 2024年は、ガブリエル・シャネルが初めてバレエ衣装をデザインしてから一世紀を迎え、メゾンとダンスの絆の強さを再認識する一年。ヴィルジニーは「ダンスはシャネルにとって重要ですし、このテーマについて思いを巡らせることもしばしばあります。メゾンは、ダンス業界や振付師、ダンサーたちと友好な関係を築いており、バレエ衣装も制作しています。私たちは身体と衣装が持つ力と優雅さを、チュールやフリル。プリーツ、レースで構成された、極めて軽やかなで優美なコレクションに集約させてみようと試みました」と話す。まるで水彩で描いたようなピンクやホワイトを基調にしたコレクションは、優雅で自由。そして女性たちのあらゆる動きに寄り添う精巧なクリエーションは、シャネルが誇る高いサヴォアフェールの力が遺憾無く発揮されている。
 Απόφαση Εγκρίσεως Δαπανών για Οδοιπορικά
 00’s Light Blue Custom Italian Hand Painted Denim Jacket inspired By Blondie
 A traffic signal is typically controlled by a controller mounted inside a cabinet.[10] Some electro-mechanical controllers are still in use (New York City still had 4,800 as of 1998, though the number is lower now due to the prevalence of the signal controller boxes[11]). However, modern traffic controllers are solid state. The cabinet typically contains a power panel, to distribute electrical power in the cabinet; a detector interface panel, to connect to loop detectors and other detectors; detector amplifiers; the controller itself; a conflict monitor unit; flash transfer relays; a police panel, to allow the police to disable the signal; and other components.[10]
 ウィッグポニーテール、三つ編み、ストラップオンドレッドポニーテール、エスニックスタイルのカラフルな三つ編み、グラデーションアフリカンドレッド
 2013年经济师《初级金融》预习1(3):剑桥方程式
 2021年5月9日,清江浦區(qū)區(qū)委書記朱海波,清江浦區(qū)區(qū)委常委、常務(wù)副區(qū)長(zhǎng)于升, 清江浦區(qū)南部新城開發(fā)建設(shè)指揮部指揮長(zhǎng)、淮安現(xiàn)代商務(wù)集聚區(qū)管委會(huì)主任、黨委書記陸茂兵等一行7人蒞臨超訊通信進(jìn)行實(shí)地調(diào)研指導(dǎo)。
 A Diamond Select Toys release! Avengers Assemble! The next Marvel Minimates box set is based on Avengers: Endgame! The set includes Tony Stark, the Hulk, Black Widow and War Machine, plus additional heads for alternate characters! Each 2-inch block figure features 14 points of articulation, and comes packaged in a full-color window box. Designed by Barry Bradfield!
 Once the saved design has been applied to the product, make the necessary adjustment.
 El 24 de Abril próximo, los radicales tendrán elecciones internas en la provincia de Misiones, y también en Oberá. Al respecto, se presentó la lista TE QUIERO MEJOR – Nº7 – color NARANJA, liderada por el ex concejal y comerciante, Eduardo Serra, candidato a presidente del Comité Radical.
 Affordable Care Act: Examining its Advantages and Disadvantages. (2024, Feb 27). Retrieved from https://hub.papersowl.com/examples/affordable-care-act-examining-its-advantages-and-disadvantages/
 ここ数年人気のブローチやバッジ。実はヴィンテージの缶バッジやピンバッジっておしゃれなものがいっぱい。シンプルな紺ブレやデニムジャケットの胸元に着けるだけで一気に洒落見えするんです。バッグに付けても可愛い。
+ + +
Keep the wording exact. Give all of the records again.

 2024年は、ガブリエル・シャネルが初めてバレエ衣装をデザインしてから一世紀を迎え、メゾンとダンスの絆の強さを再認識する一年。ヴィルジニーは「ダンスはシャネルにとって重要ですし、このテーマについて思いを巡らせることもしばしばあります。メゾンは、ダンス業界や振付師、ダンサーたちと友好な関係を築いており、バレエ衣装も制作しています。私たちは身体と衣装が持つ力と優雅さを、チュールやフリル。プリーツ、レースで構成された、極めて軽やかなで優美なコレクションに集約させてみようと試みました」と話す。まるで水彩で描いたようなピンクやホワイトを基調にしたコレクションは、優雅で自由。そして女性たちのあらゆる動きに寄り添う精巧なクリエーションは、シャネルが誇る高いサヴォアフェールの力が遺憾無く発揮されている。
 Απόφαση Εγκρίσεως Δαπανών για Οδοιπορικά
 00’s Light Blue Custom Italian Hand Painted Denim Jacket inspired By Blondie
 A traffic signal is typically controlled by a controller mounted inside a cabinet.[10] Some electro-mechanical controllers are still in use (New York City still had 4,800 as of 1998, though the number is lower now due to the prevalence of the signal controller boxes[11]). However, modern traffic controllers are solid state. The cabinet typically contains a power panel, to distribute electrical power in the cabinet; a detector interface panel, to connect to loop detectors and other detectors; detector amplifiers; the controller itself; a conflict monitor unit; flash transfer relays; a police panel, to allow the police to disable the signal; and other components.[10]
 ウィッグポニーテール、三つ編み、ストラップオンドレッドポニーテール、エスニックスタイルのカラフルな三つ編み、グラデーションアフリカンドレッド
 2013年经济师《初级金融》预习1(3):剑桥方程式
 2021年5月9日,清江浦區(qū)區(qū)委書記朱海波,清江浦區(qū)區(qū)委常委、常務(wù)副區(qū)長(zhǎng)于升, 清江浦區(qū)南部新城開發(fā)建設(shè)指揮部指揮長(zhǎng)、淮安現(xiàn)代商務(wù)集聚區(qū)管委會(huì)主任、黨委書記陸茂兵等一行7人蒞臨超訊通信進(jìn)行實(shí)地調(diào)研指導(dǎo)。
 A Diamond Select Toys release! Avengers Assemble! The next Marvel Minimates box set is based on Avengers: Endgame! The set includes Tony Stark, the Hulk, Black Widow and War Machine, plus additional heads for alternate characters! Each 2-inch block figure features 14 points of articulation, and comes packaged in a full-color window box. Designed by Barry Bradfield!
 Once the saved design has been applied to the product, make the necessary adjustment.
 El 24 de Abril próximo, los radicales tendrán elecciones internas en la provincia de Misiones, y también en Oberá. Al respecto, se presentó la lista TE QUIERO MEJOR – Nº7 – color NARANJA, liderada por el ex concejal y comerciante, Eduardo Serra, candidato a presidente del Comité Radical.
 Affordable Care Act: Examining its Advantages and Disadvantages. (2024, Feb 27). Retrieved from https://hub.papersowl.com/examples/affordable-care-act-examining-its-advantages-and-disadvantages/
 ここ数年人気のブローチやバッジ。実はヴィンテージの缶バッジやピンバッジっておしゃれなものがいっぱい。シンプルな紺ブレやデニムジャケットの胸元に着けるだけで一気に洒落見えするんです。バッグに付けても可愛い。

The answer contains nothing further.